Leiyang Guo (lguo7@ncsu.edu)

Bikram Singh (bsingh8@ncsu.edu)

Navin Venugopal (nvenugo2@ncsu.edu)

Sathwick Goparapu (sgopara@ncsu.edu)

Introduction

Expertiza is an open source project created using Ruby on Rails. This project is a software primarily to create reusable learning objects through peer review and also supports team projects. Expertiza allows the creation of instructors and student accounts. This allows the instructors to post projects (student learning objects) which can be viewed and worked upon by students. These can also be peer reviewed by students later.

Background of the project

In the existing Expertiza functionality, the functionality for bidding for topics is present though only for specific situations. The bidding ability is only for bidding for a topic for (teams of) students in a course. This involves the instructor posting a list of project topics, and each student (or all students together as a team, if some students have already formed a team) then post a preference list, listing topics (s)he wants to work on. Then the bidding algorithm assigns the topics, particularly with the following features:

  • Students (not in a team) with close preferences are assigned to a project team, and the common preference is the project topic assigned to the team. Alternatively, for existing teams, the project topic is assigned as per the common project topic preference list
  • Each team is assigned only one topic
  • Each topic (if assigned) is assigned to a maximum of one team

Description of project

This project is responsible for the bidding algorithm used in the conference, which is significantly different from the project bidding algorithm as explained above.

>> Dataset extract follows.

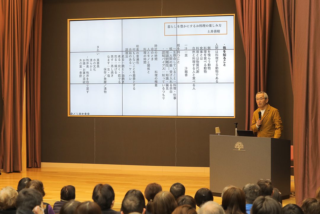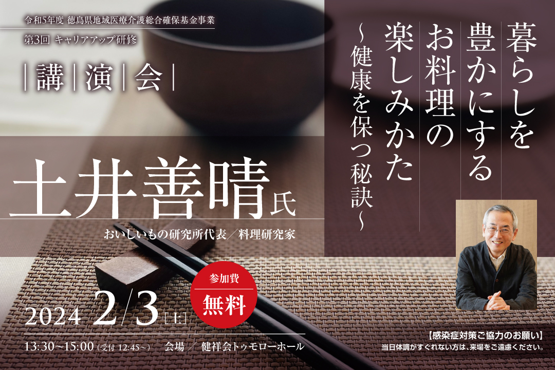 徳島県地域医療介護総合確保基金事業第3回キャリアアップセミナーとして、健祥会トゥモローホールで料理研究家土井善晴さんの講演会が開催され、ホールいっぱいの350名の地域の皆さんが熱心に耳を傾けてくださいました。

For the purposes of the project, we assume that there are several reviewers in a conference who review papers which are proposed to be presented in the conference. Also, the entire list of papers proposed to be presented in the conference is also available.

Then the basic working of the project assumes:

  • Before the bidding close deadline, reviewers submit a list of papers they wish to review.
  • After the bidding deadline, the algorithm assigns papers to reviewers to review, such that:
    • Each paper (if assigned) is assigned to a maximum of R reviewers (here R represents some constant)
    • Each reviewer is assigned a maximum of P papers to review (here P represents some constant)
    • Assignment of papers can be individual or team based

Project Requirements

In this section, we discuss the problem statement, then discuss the existing code and possible changes required.

Problem Statement

  • To take the existing bidding code in Expertiza (which is meant for students bidding for project topics) and make it callable either for bidding for topics or bidding for submissions to review.
  • The matching algorithm is currently not very sophisticated. Top trading cycles is implemented in the web service (though it is currently not used by bidding assignment) and could be adapted to this use.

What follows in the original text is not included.